Por Verónica Sukaczer. Escritora, entre sus libros figuran “Mal de familia” y, en literatura infantil, “Nunca confíes en una computadora”.
La historia de una mujer que fue perdiendo la audición desde chica, sus vergüenzas, sus logros, su búsqueda de soluciones. Y una clave: jamás pensar que no podía.
26/05/12 -
"Si te lastimás no te quedes llorando donde no te vea, te levantás como sea y me buscás". Eso es lo más importante que les enseñé a mis hijos y me hace sentir segura que lo hayan aprendido. Ellos siempre me buscaron. Yo los curé: podía ser hipoacúsica y mamá.
A diferencia de lo que me sucedió a mí, ellos crecieron entendiendo cómo eran las cosas. Tan bien, que cada uno en su momento me daba vuelta la cara con sus manitos para que yo los mirara cuando necesitaban comunicarse.
Esta historia comenzó cuando yo tenía unos seis años y mi madre se dio cuenta de que nunca aparecía cuando me llamaba desde otra habitación. A la primera observación sobre mí –caprichos de hermana menor, intuía– le siguieron otras que apuntaron a ella: ansiedad y sobreprotección. Hasta que llegó el verdadero diagnóstico.

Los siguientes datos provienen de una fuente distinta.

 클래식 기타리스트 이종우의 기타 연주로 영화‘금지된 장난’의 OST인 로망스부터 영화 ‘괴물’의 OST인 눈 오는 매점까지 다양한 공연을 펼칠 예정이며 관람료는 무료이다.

La audiometría dictaminó una pérdida significativa y progresiva de audición en ambos oídos. La buena noticia era que aquello me sucedía teniendo el lenguaje adquirido. Cuando ya no escuchara, por lo menos me quedaría la palabra.
Los primeros años de hipoacusia los viví sin darme cuenta. Yo no sabía que era hipoacúsica. Nadie se había sentado conmigo para explicarme. Me llevó muchos años reconstruir la historia de ese agujero negro de desinformación en el que crecí. A mis padres les habían dicho que iría perdiendo la audición en forma paulatina, y les aconsejaron que me brindaran un entorno normal durante el tiempo que ese proceso llevara. Que no hablaran del tema ni lo convirtieran en el eje de mi vida. Ellos tomaron los consejos al pie de la letra –cosa que aún les reprocho– y no hablaron. Y por no nombrarlo, se convirtió en lo que no debía ser: el eje sobre el que giraba mi vida, no ser oyente ni del todo sorda.

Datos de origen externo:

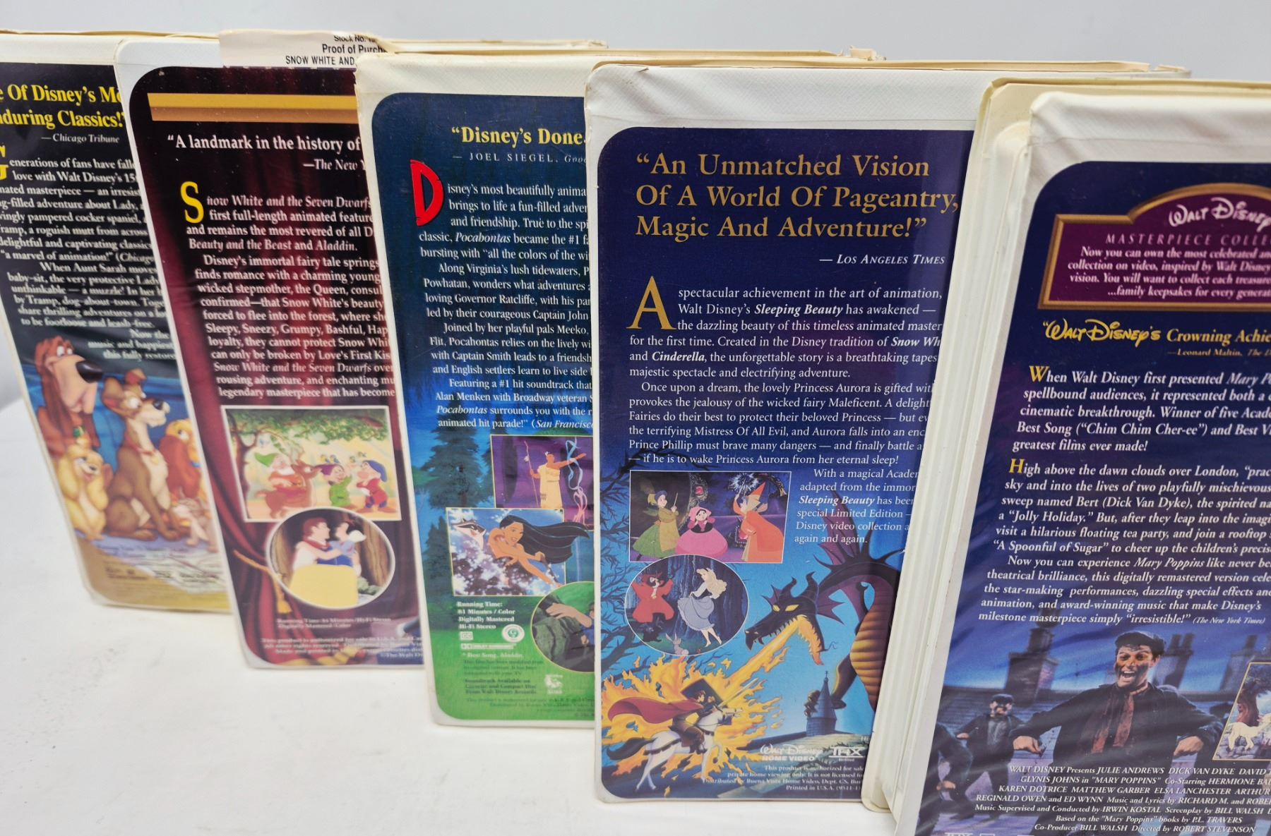 A dreamy Disney bundle featuring six beloved classics on VHS! Titles include: Mary Poppins, Sleeping Beauty, Pocahontas, Snow White and the Seven Dwarfs, and Lady and the Tramp.

Con el tiempo descubrí que escuchar poco no siempre era el mayor problema, aunque sí el desencadenante de todo. Peor que no oír era advertir las risas de los demás cuando respondía cualquier cosa a una pregunta (escuchar no es siempre sinónimo de entender qué dice el otro). Se me hizo costumbre morirme de vergüenza. Para evitarlo, dejé de responder. Me hice tímida cuando no lo era. No fue el único cambio. Comprobé que si expresaba el enojo inmenso que me provocaba no escuchar, resultaba que “tenía un carácter de mierda” pero, si me adaptaba, comportándome como los que oían, me volvía un ejemplo. Así que me adapté. Yo también hice como que la hipoacusia no existía.
Al principio, el asunto no me resultó complicado. Aún escuchaba lo necesario, y pronto me sumergí en lo que sería mi salvación: la lectura. Necesitaba saberlo todo, ponerles nombres a las cosas y no había otro sitio donde preguntar, que en los libros. Lo que está dicho me tranquiliza, me permite avanzar, nombrarme: hipoacusia bilateral neurosensorial severa a profunda, otoesclerosis coclear, Verónica. Leer me otorgó un conocimiento del mundo, de mi entorno y de la gente que no hubiera logrado de otra manera.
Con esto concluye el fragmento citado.